In 1975, PFF became affiliated with Friends General Conference. Thus Durham Meeting maintains connections with two branches of non-programmed Friends: “Conservative” Friends through the Yearly Meeting and the Liberal or Hicksite branch through PFF/FGC.
Starting a Friends School
In early 1962, informal discussions among Durham and Chapel Hill Friends raised the notion of founding an integrated school as an appropriate response to the segregated public facilities. A special School Committee was convened, and attended by Mildred Ringwalt, Adolph and Christa Furth, David and Susan Smith, Peter and Martha Klopfer. Plans developed rapidly thereafter. First the Durham Meeting, then the Chapel Hill Meeting agreed to allow their facilities to be used; then the Claremore Fund (a California Foundation interested in furthering the cause of integration) awarded the Committee $6000; finally the Committee secured Articles of Incorporation and tax exempt status. This was in 1963.
Because of the divisions among Friends as to the wisdom of establishing a school, as well as the small number of Meeting children, it was decided to establish the school corporation as an independent entity. However, the closest possible ties to the Meetings and adherence to Friends' principles were to be assured by having 2/3 of the Board of Directors chosen by and from the Meetings. While the prevailing pattern of segregation was the proximate stimulus for starting the school, all were agreed that, in the long run, it was the demonstration of Quaker values in an institutional setting that was most vital.
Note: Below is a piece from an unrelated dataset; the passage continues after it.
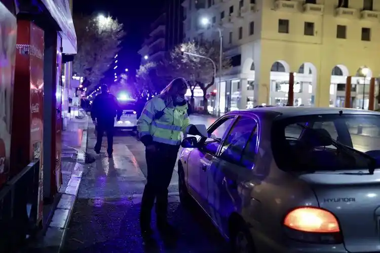 11月7日,在希腊雅典,一名警察拦停车辆检查出行许可.
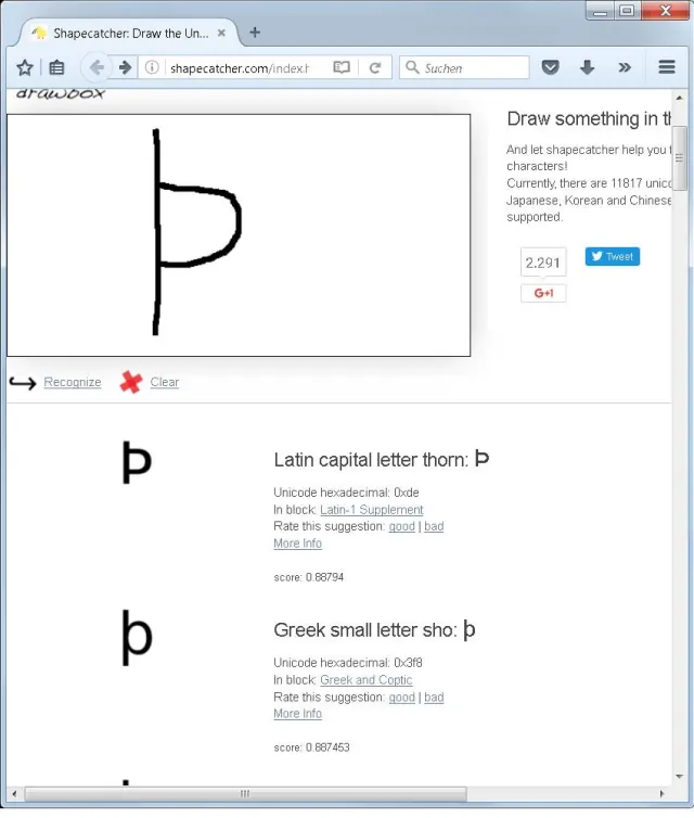 Das erkannte Zeichen können Sie entweder kopieren oder über den ANSI- oder Hexadezimalcode einfügen. Ausserdem erklärt die Seite auch, in welchem Teil des Standardzeichensatzes man es findet. Die Suchergebnisse können bewertet werden, was zu einer Verbesserung der Suchergebnisse führen kann. Aktuell stecken in der Datenbank laut Anbieter rund 10'000 Zeichen, die per Eingabeerkennung abrufbar sind.

The members of the original Board were Naomi Adams, Richard Fillmore, Adolph and Christa Furth, Martha and Peter Klopfer, Mildred Ringwalt, Martha Rachman, James Shotts, David and Susan Smith and Stuart Willis. Mildred Ringwalt was the original Chairman of the Board, followed by David Smith, Stuart Willis and Peter Klopfer. John Stratton from Durham Meeting became Chairman in 1974 followed by Martha Klopfer in 1986 and then David Stuart in 1995. Sponsors who lent their names to the enterprise were George Bliss, Heinz Bondy, John Dozier, Carl Durham, Frank Graham, George Herbert, Carmelita Hinton, William Hubben, Weston LeBarre, Albert Manley, Algie Newlin, Clarence Pickett, Mary Semans, Claude Shotts, Asa Spaulding, Douglas Steere, Howard Thurman, and John Wheeler.
The first class of Seniors graduated from CFS in 1972.